Kirby nodded glumly. “It’s like taking a physicist to a Star Trek movie.”
“Harry,” Georgia said firmly, “you’re doing it again.”
“Oh, no, I’m not!” I protested. “All I’m saying is that—”
Georgia arched an eyebrow and gave me a steady look down her aquiline nose. “You know the law, Dresden.”
“He who kills the cheer springs for beer,” chanted the rest of the table.
“Oh, bite me!” I muttered at them, but a grin was diluting my scowl as I dug out my wallet and tossed a twenty on the table.
“Okay,” Kirby said. “Roll your fireball damage, Will.”
Billy slung out a double handful of square dice and said, “Hah! One-point-two over median. Suck on that, henchmen!”
“They’re all dead,” Kirby confirmed. “We might as well break there until next week.”
“Crap,” I said. “I barely got to hit anybody.”

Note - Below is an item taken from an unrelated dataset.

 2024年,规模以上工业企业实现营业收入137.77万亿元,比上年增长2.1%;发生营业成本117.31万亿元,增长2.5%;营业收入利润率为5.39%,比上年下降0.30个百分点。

“I only got to hit one!” Andi said.
Georgia shook her head. “I didn’t even get to finish casting my spell.”
“Oh, yes,” Billy gloated. “Seven modules of identifying magic items and repairing things the stupid barbarian broke, but I’ve finally come into my own. Was it like that for you, Harry?”

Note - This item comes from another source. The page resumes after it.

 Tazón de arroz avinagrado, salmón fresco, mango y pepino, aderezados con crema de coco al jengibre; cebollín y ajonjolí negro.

“Let you know when I come into my own,” I said, rising. “But my hopes are high. Why, this very morrow, I, Harry Dresden, have a day off.”
“The devil you say!” Billy exclaimed, grinning at me as the group began cleaning up from the evening’s gaming session.
I shrugged into my black leather duster. “No apprentice, no work, no errands for the Council, no Warden stuff, no trips out of town for Paranet business. My very own free time.”
Georgia gave me a wide smile. “Tell me you aren’t going to spend it
puttering around that musty hole in the ground you call a lab.”
“Um,” I said.
“Look,” Andi said. “He’s blushing!”
“I am not blushing,” I said. I swept up the empty bottles and pizza boxes, and headed into Billy and Georgia’s little kitchen to dump them into the trash.
Georgia followed me in, reaching around me to send several pieces of paper into the trash, too. “Hot date with Stacy?” she asked, her voice pitched to keep the conversation private.
“I think if I ever called her ‘Stacy,’ Anastasia might beat the snot out of me for being too lazy to speak her entire name,” I replied.
“You seem a little tense about it.”
I shrugged a shoulder. “This is going to be the first time we spend a whole day together without something trying to rip us to pieces along the way. I . . . I want it to go right, you know?” I pushed my fingers back through my hair. “I mean, both of us could use a day off.”
“Sure, sure,” Georgia said, watching me with calm, knowing eyes. “Do you think it’s going to go anywhere with her?”
I shrugged. “Don’t know. She and I have very different ideas about . . . well, about basically everything except what to do with things that go around hurting people.”
The tall, willowy Georgia glanced back toward the dining room, where her short, heavily muscled husband was putting away models. “Opposites attract. There’s a song about it and everything.”
“One thing at a time,” I said. “Neither one of us is trying to inspire the poets for the ages. We like each other. We make each other laugh. God, that’s nice, these days. ...” I sighed and glanced up at Georgia, a little sheepishly. “I just want to show her a nice time tomorrow.”
Georgia had a gentle smile on her narrow, intelligent face. “I think that’s a very healthy attitude.”
I WAS JUST getting into my car, a battered old Volkswagen Bug I’ve dubbed the Blue Beetle, when Andi came hurrying over to me.
There’d been a dozen Alphas when I’d first met them, college kids who had banded together and learned just enough magic to turn themselves into wolves. They’d spent their time as werewolves protecting and defending the town, which needed all the help it could get. The conclusion of their college educations had seen most of them move on in life, but Andi was one of the few who had stuck around.